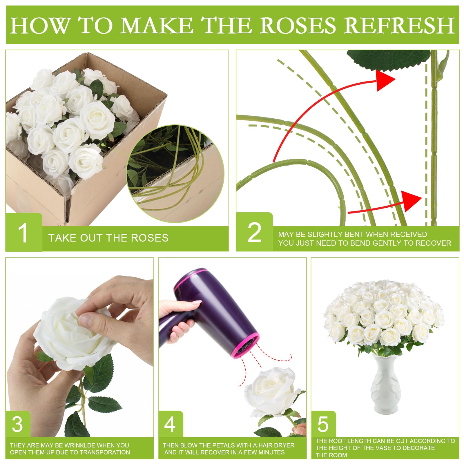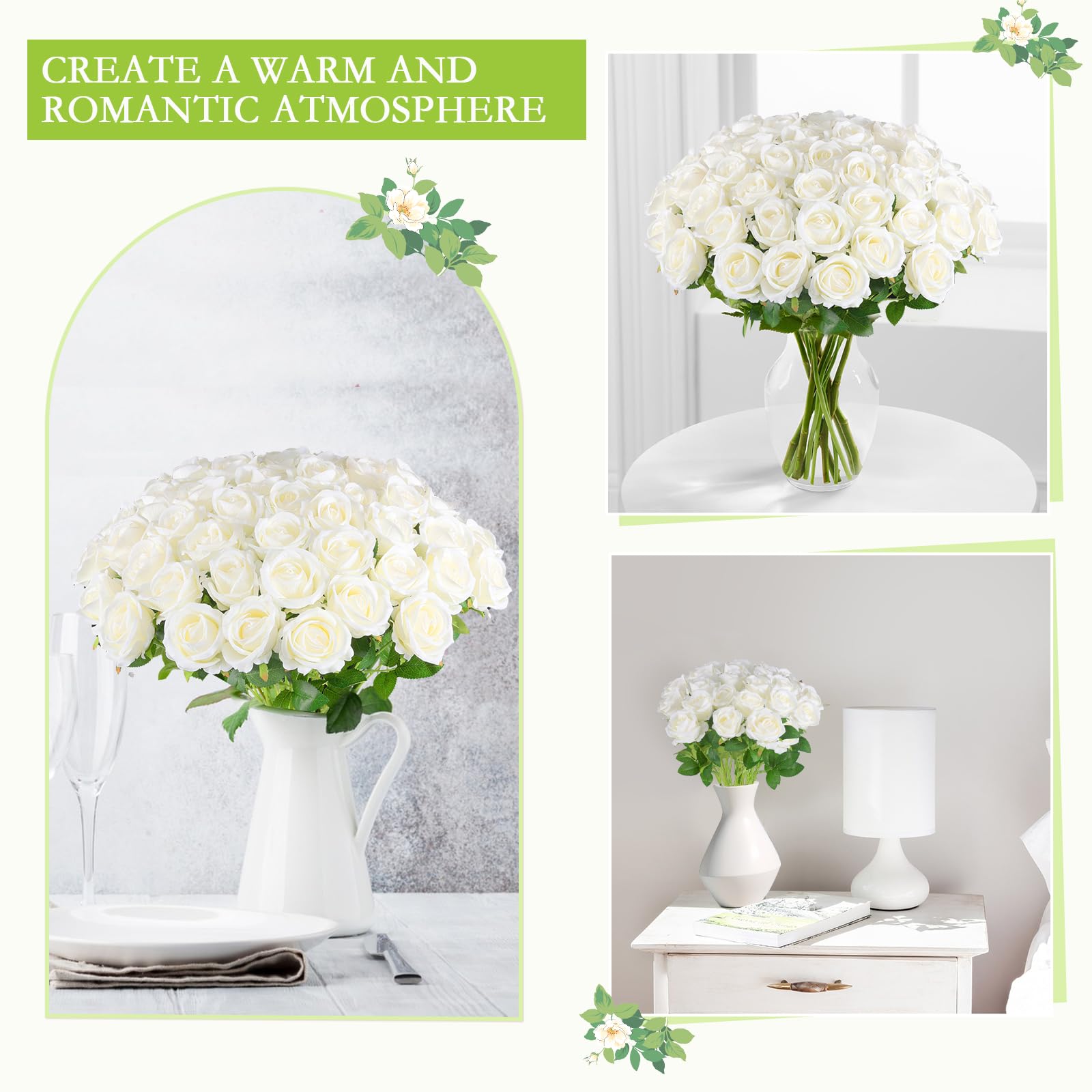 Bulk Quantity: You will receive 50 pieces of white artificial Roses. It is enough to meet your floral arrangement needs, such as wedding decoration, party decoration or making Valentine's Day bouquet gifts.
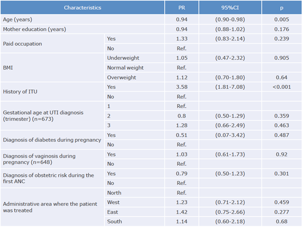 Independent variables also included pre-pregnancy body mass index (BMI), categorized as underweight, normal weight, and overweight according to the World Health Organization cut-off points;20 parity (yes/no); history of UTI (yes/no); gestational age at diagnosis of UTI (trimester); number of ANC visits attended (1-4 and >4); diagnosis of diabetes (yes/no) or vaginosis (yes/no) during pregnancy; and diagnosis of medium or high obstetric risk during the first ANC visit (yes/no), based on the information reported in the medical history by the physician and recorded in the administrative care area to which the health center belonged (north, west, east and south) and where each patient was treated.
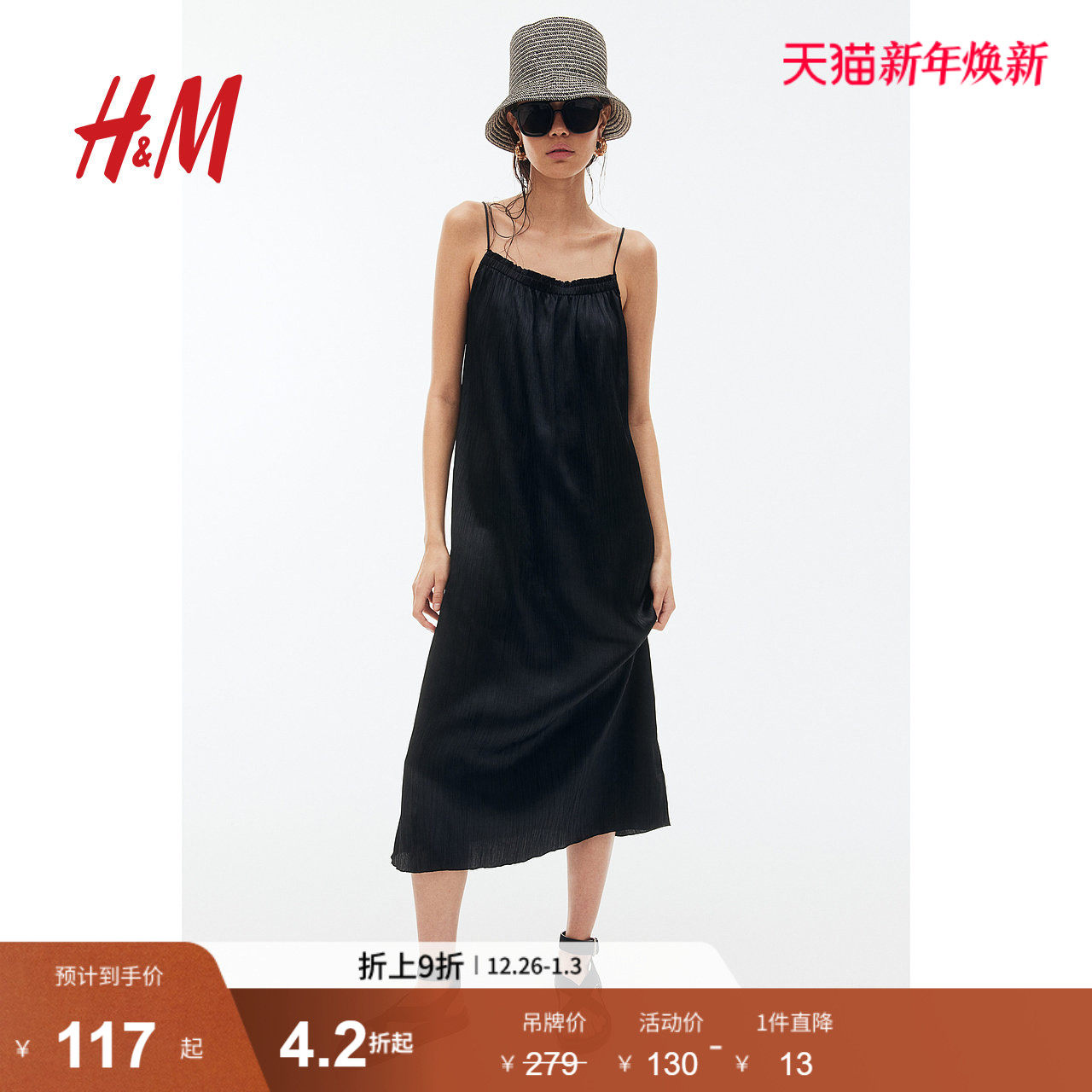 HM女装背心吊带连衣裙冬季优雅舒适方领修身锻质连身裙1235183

§ Brief
Reproduce all of the data exactly, omitting each picture it holds.

§ Answer to the problem
 Bulk Quantity: You will receive 50 pieces of white artificial Roses. It is enough to meet your floral arrangement needs, such as wedding decoration, party decoration or making Valentine's Day bouquet gifts.
 Independent variables also included pre-pregnancy body mass index (BMI), categorized as underweight, normal weight, and overweight according to the World Health Organization cut-off points;20 parity (yes/no); history of UTI (yes/no); gestational age at diagnosis of UTI (trimester); number of ANC visits attended (1-4 and >4); diagnosis of diabetes (yes/no) or vaginosis (yes/no) during pregnancy; and diagnosis of medium or high obstetric risk during the first ANC visit (yes/no), based on the information reported in the medical history by the physician and recorded in the administrative care area to which the health center belonged (north, west, east and south) and where each patient was treated.
 HM女装背心吊带连衣裙冬季优雅舒适方领修身锻质连身裙1235183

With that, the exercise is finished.